【糖尿病】数値が「夏に下がり、冬に上がる」は本当? 一時的に下がっても油断禁物な“理由”とは 専門医解説
糖尿病の指標である「HbA1c(ヘモグロビン・エー・ワン・シー)」は夏に下がるという情報もありますが、本当なのでしょうか。糖尿病専門医に聞きました。

冷たいものを食べる夏は血糖値が上がりやすい印象があります。一方、糖尿病の指標である「HbA1c(ヘモグロビン・エー・ワン・シー)」は夏に下がるという情報もあります。これは本当なのでしょうか。eatLIFEクリニック(横浜市旭区)院長で内科医・糖尿病専門医の市原由美江さんに聞きました。
「HbA1c」の数値が下がっても油断は禁物
Q.糖尿病かどうかを判断する上で重要な指標である「HbA1c」は、夏に下がり冬に上がるという情報があります。本当に夏になると下がるのでしょうか。
市原さん「はい、多くの研究で、HbA1cは夏に低く、冬に高くなる『季節変動』があることが報告されています。
理由としては、夏は旅行やレジャーなどで活動量が増えやすかったり、暑さで食欲が落ちる人も多く摂取エネルギーが減ったりするからです。結果としてHbA1cが低くなる傾向にあります。
一方、冬は寒いため体を動かす機会が減るほか、年末年始のイベントで会食や間食が増えやすく、体重増加もしやすいです。そのため、HbA1cが高くなりやすいです。
ただし、最近は猛暑の影響で外出や運動を控えたり、アイスやジュース、スイカなどをたくさん摂取したりする人も増えているため、『夏だから必ずHbA1cが下がる』とは言えません。ライフスタイルによっては、むしろ夏に悪化する人もいます」
Q.夏にHbA1cの数値が下がるのを見て、「糖尿病が良くなった」と喜んで通院や薬をやめてしまう患者さんもいると聞きます。なぜこれは危険なのでしょうか。
市原さん「HbA1cは過去1~2カ月程度の平均的な血糖状態を反映する指標です。一時的に数値が改善したからといって、糖尿病そのものが治ったわけではありません。自己判断で通院や薬を中断すると、血糖値は再び悪化し、気付かないうちに高血糖が続く可能性があります。

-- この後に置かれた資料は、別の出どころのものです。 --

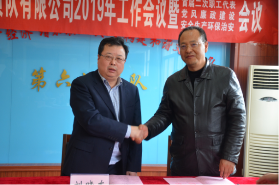 會上,劉曉東與公司所屬各單位(部門)簽訂了《2019年黨風(fēng)廉政建設(shè)責(zé)任書》和《2019年安全生產(chǎn)與治安保衛(wèi)工作目標(biāo)責(zé)任書》,王和平與公司各經(jīng)營單位負(fù)責(zé)人簽訂了《2019年經(jīng)營目標(biāo)責(zé)任書》。

HbA1cは6%未満(治療目標は7%未満)が正常値ですが、8%未満だと自覚症状が出にくいため、定期的に血液検査をしてHbA1cの状態を確認しないと、網膜症、腎症、神経障害といった合併症だけでなく、心筋梗塞や脳卒中などのリスクも高まります」
Q.夏の生活習慣の中で、糖尿病患者や糖尿病予備軍の人が「絶対に避けるべき行為」とは何でしょうか。
市原さん「次の3つの行為を絶対に避けてください」
(1)スポーツドリンクやジュースを水代わりに飲むこと
汗をかくからといって糖分を多く含む飲料を頻繁に飲むと、血糖値が急上昇します。日常の水分補給は、水や麦茶など糖分を含まない飲み物が基本です。
(2)冷たい麺類だけで食事を済ませること
そうめんや冷やしうどん、ざるそばだけでは糖質に偏りやすく、食後の血糖値が上がりやすくなります。鶏肉や卵、ツナ、豆腐などのたんぱく質や野菜を組み合わせることが大切です。
(3)水分摂取を怠ること
高血糖のときは尿量が増えることで体が脱水状態になっています。通常はのどが渇いて飲み物を飲むのですが、この高血糖による脱水状態が続くと、脳梗塞や心筋梗塞などの血管が詰まることで起こる病気になりやすくなります。また、脱水の状態は熱中症のリスクを高めてしまいます。
特に高齢者や糖尿病のある人は、喉の渇きを感じる前から小まめな水分補給を心掛けてください。